Transparency International’s annual ranking of corruption around the globe hit the news on November 17. It was not a happy occasion in Mexico. America’s southern neighbor landed at 89 out of a total 180 governments measured this year (17 spots lower than in 2008), tied with such nations as Malawi, Moldova, and Rwanda.

This places Mexico well below many of its peers; among Latin American nations, ten governments were ranked cleaner than Mexico’s (including Guatemala’s, where the president has been implicated in the murder of a political enemy and the United Nations recently warned of a possible state capture at the federal level by drug gangs). Among the BRIC nations, the group of emerging economic giants with whom Mexico perennially aspires to be included, only Russia wound up worse than 89th place.
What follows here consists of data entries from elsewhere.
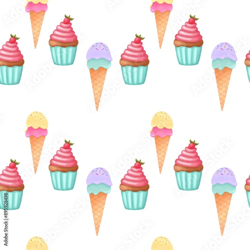 Seamless pattern sweet cupcake, ,paper,textile ,print,happy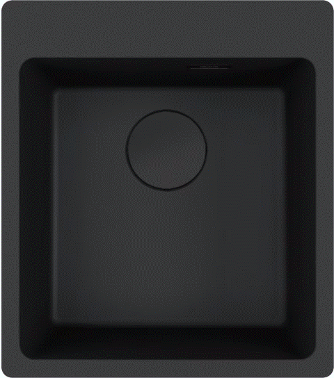 Granitspüle / Einbauspüle mit Hahnlochbank Black Matt - Black Collection Küchenspüle aus Fragranit+ Außenmaße: 440x500mm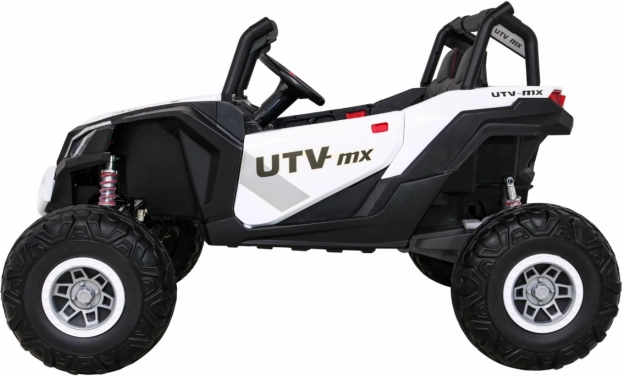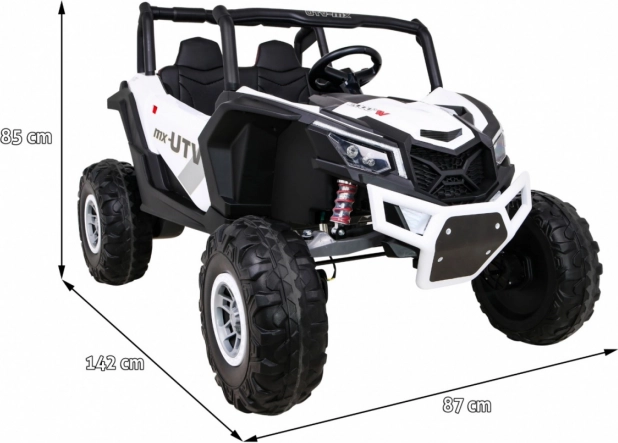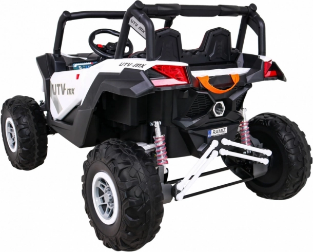 Beleef offroad-avonturen met het kinder voertuig UTV-MX. Vier motoren van 4×60 W, een hoge bodemvrijheid van 29 cm en vering voor en achter zorgen voor zeker rijgedrag over oneffenheden. De langzame Wolny Start beschermt het comfort van de kleine bestuurder en verhoogt de veiligheid.

The ranking occasioned a long round finger-pointing, navel-gazing, hand-wringing, and politician-blaming, with the 17-slot drop bringing the rhetorical knives out from Mexico’s pundit class. One editorial from the influential daily El Universal said that all politicians were complicit, either as spectators are participants, in Mexico’s climate of corruption. Martín Moreno of Excélsior captured the nation’s prevailing spirit when he called Mexico’s political class a “bunch of thieves”, and said that he would need “an encyclopedia to name all the people that are an emblem of national corruption.”

Such frustration was warranted. More worrying than the ranking itself and the unsavory company among whom Mexico finds itself is the fact that, almost a full decade after the democratic transition, corruption appears to be getting worse. The ranking touched a nerve in large part because it strikes at the modern dilemma for Mexican voters: there is a bee’s nest of problems, and no one credible to solve them. And if democracy doesn’t work for the nation’s stickiest problems, Mexicans ask, what then?

But corruption is not Mexico’s only challenge, as another recent ranking demonstrates. The Global Gender Gap Index, published about a week before the Transparency International list, ranked Mexico 99th among 134 nations measured. This placed it a couple of spots ahead of Kuwait, right behind Kenya and Zimbabwe. Only one Latin American nation, Guatemala, showed a more pronounced gap than Mexico. More specifically, Mexico ranked 65th in political empowerment for women, 90th for educational attainment, and 114th for economic opportunity. (On the plus side, it tied for first place with 40 other nations on health equality.) In other words, as bad as Mexico is in terms of corruption, it has a far bigger problem with gender equality.

Unfortunately, the outrage that flooded forth following the corruption ranking was invisible in response to the gender gap grade. In some ways this is understandable; the corruption index encourages –begs, even– Mexicans to engage in their favorite sport this side of football: bashing public officials. In contrast, one finds no clear villain when seeking explanations for the gender discrepancies. Who is to blame for the lack of female economic participation in Mexico? Banks, politicians, educators, parents, the patriarchal scope of history of both the nation specifically and western civilization in general–each have played a role. Since everyone shares a little bit of the responsibility, no single scapegoat sticks out.

Ultimately, finding someone to blame is beside the point. What is needed is an honest recognition of how harmful the status quo is. The shame of the gender gap goes beyond its unfairness to Mexican women and girls (although that of course is a perfectly suitable reason for outrage). All of Mexico stands to benefit if the nation becomes less like Kenya and more like Iceland. With half the population struggling to reach its potential, it’s impossible for Mexico as a whole to fulfill its promise.

Some signs of potential improvement are visible: last week, Labor Secretary Javier Lozano called for a labor reform that eases the entry of women into the labor market. He never mentioned the Gender Gap Index as a motivating factor, but such a reform would go a long way to improving Mexico’s ranking in the future.

Of course, there’s a lot of distance between the off-hand comments of a cabinet secretary and a new law. If Lozano’s call for reform goes nowhere and in 2010 the Gender Gap Index remains a national eyesore, let’s hope Mexico has a little more leftover frustration than it did this year.